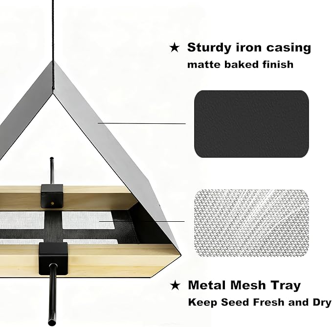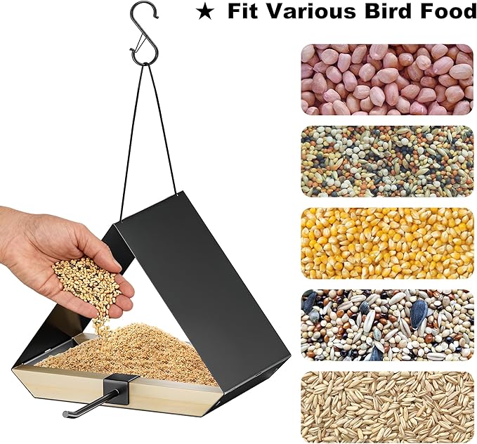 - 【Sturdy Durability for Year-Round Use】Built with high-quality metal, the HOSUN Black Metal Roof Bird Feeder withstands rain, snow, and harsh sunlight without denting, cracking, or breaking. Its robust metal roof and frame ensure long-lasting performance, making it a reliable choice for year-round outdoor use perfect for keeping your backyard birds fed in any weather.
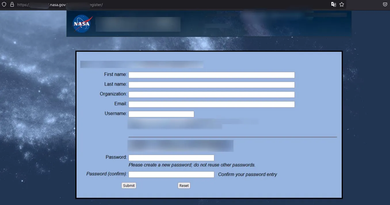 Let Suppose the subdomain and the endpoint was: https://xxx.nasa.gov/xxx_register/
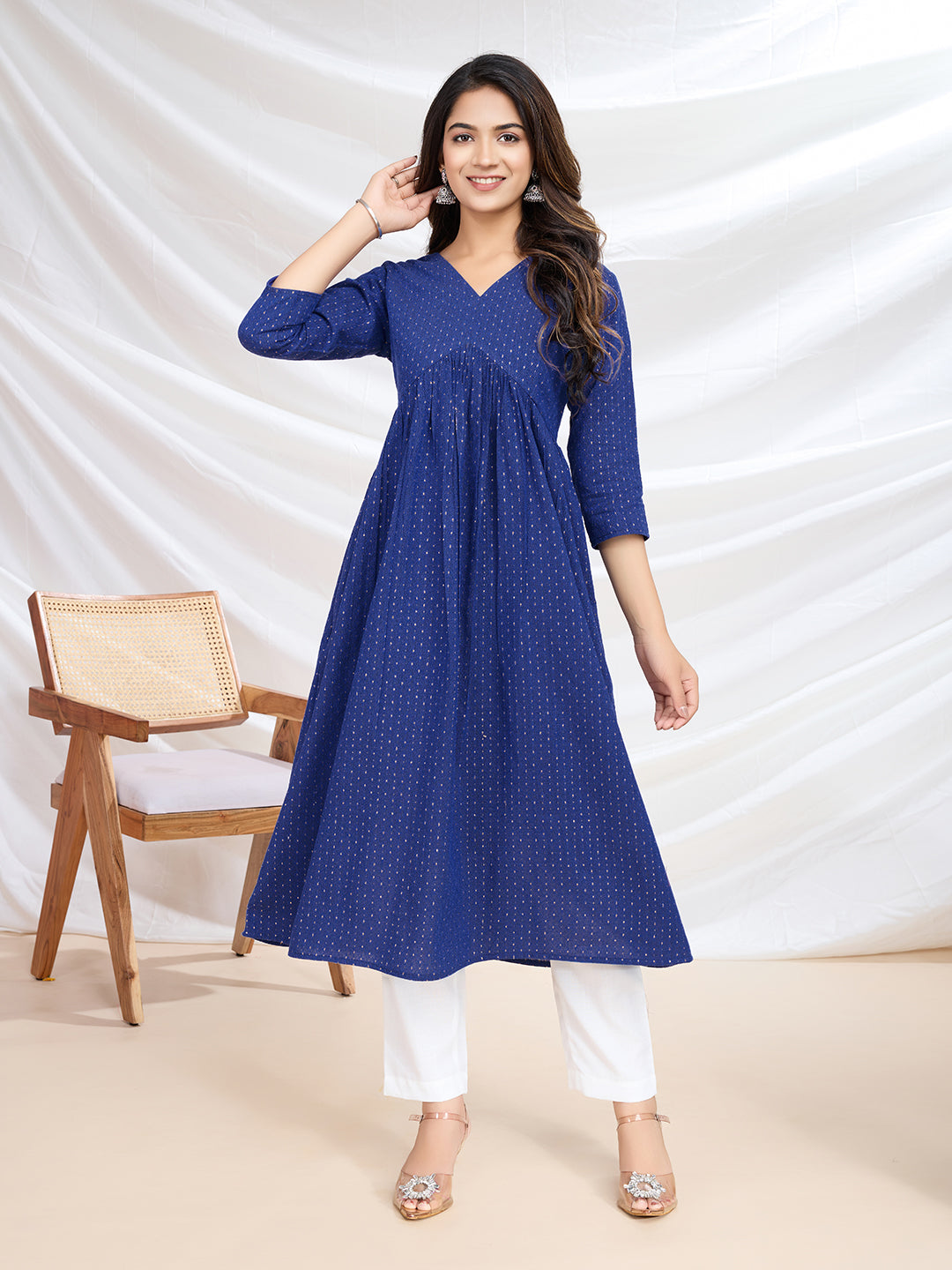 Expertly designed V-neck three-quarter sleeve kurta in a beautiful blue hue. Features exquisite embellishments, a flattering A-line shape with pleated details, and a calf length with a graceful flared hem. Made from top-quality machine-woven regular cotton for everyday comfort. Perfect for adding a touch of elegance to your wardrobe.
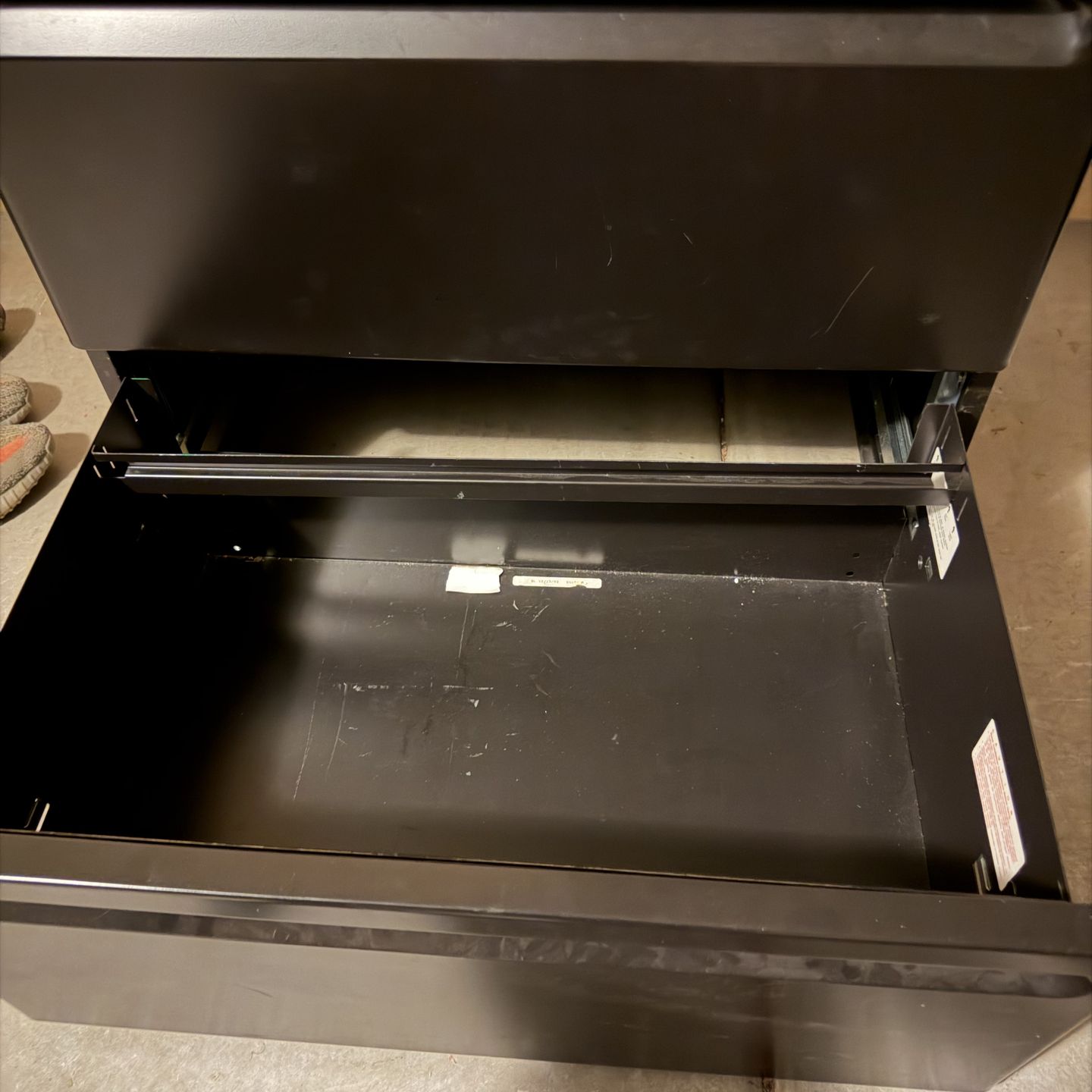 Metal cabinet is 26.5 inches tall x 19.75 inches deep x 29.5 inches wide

### [PROBLEM REQUIREMENTS]
Inclusive range, exact copy: the line containing "Expertly designed V-neck" through the last line of the listing. Print nothing else, and no pictures.

### [FINAL ANSWER]
 Expertly designed V-neck three-quarter sleeve kurta in a beautiful blue hue. Features exquisite embellishments, a flattering A-line shape with pleated details, and a calf length with a graceful flared hem. Made from top-quality machine-woven regular cotton for everyday comfort. Perfect for adding a touch of elegance to your wardrobe.
 Metal cabinet is 26.5 inches tall x 19.75 inches deep x 29.5 inches wide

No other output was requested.